One of the things that regularly occurs to me as I watch this television show is:  I’m really glad I’m a Christian.  It’s too bad the show, like virtually all television shows except The Simpsons, can’t give any major characters a mainstream religious affiliation.  But since it doesn’t, its characters are left to go through life making up their rules as they go along, and this turns out pretty obviously to make their lives a lot harder than they would otherwise be.  I appreciate that few people can tolerate theological overhead to which they do not subscribe, but most of the time, the Christian life is vastly superior to its alternatives.

3 comments:

Anonymous said...

It's a bit surprising to see the Crosby/Katie relationship in a TV show as opposed to a movie. Showing a loser-ish man with a highly desirable woman is naturally going to go over a lot better with men than with women, and that fits in more appropriately with movies and their male-skewing or at least 50-50 audiences than it does with TV shows, which attract primarily women.*

Of course the wisecracking-but-wise children cliche has been done to death by any number of movies and TV shows.

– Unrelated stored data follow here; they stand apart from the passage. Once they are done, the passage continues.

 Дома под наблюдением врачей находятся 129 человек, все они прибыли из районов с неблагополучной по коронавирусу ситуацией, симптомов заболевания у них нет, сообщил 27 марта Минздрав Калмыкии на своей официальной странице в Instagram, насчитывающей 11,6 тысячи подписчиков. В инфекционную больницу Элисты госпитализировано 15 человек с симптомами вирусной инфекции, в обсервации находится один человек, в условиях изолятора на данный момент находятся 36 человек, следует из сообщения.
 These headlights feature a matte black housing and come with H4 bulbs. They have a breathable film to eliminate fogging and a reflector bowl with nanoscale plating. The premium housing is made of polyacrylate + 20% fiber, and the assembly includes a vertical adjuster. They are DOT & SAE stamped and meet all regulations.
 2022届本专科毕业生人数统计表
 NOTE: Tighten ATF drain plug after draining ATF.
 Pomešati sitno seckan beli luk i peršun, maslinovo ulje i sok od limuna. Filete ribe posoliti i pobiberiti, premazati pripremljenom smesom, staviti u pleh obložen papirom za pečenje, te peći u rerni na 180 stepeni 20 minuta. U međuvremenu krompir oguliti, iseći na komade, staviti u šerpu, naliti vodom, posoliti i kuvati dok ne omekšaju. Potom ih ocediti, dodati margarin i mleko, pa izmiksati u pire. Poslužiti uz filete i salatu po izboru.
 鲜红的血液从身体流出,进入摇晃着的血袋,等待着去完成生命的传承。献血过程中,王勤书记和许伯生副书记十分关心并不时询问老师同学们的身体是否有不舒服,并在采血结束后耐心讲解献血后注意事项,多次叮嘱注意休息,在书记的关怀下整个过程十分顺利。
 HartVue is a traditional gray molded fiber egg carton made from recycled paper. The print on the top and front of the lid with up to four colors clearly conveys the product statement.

It's harder to figure out to whom exactly this stereotype appeals.

Out of curiosity, has your identification as a Christian ever been challenged by someone who claims that Presbyterians/Lutherans "aren't really Christian?"

* = advertisers who want to target men have little choice except to run their commercials during sports programs, hence the plethora of cars/beer/mutual funds/Flomax/Cialis ads during sports.

Peter

Dr. Φ said...

has your identification as a Christian ever been challenged by someone who claims that Presbyterians/Lutherans "aren't really Christian?"

Never in so many words. A lot of children of missionaries, who represented various "fundamental" denominations, attended my little expat high school, and I came in for some suspicion initially. My own specific theological identification was a lot weaker then.

A lot of these attitudes are created by "converts", probably inevitably. The fundamental churches have a number of refugees from mainline and RC churches where, definitionally, their spiritual needs were not being met. They tend to pass on only the bad stuff, as well as their own misconceptions. The converse is also true: refugees from fundamental churches only tell bad things about their experiences.

Dr. Φ said...

I also have to explain to people the difference between, say, the Missouri Synod and the ELCA, or between the PCA and the PCUSA.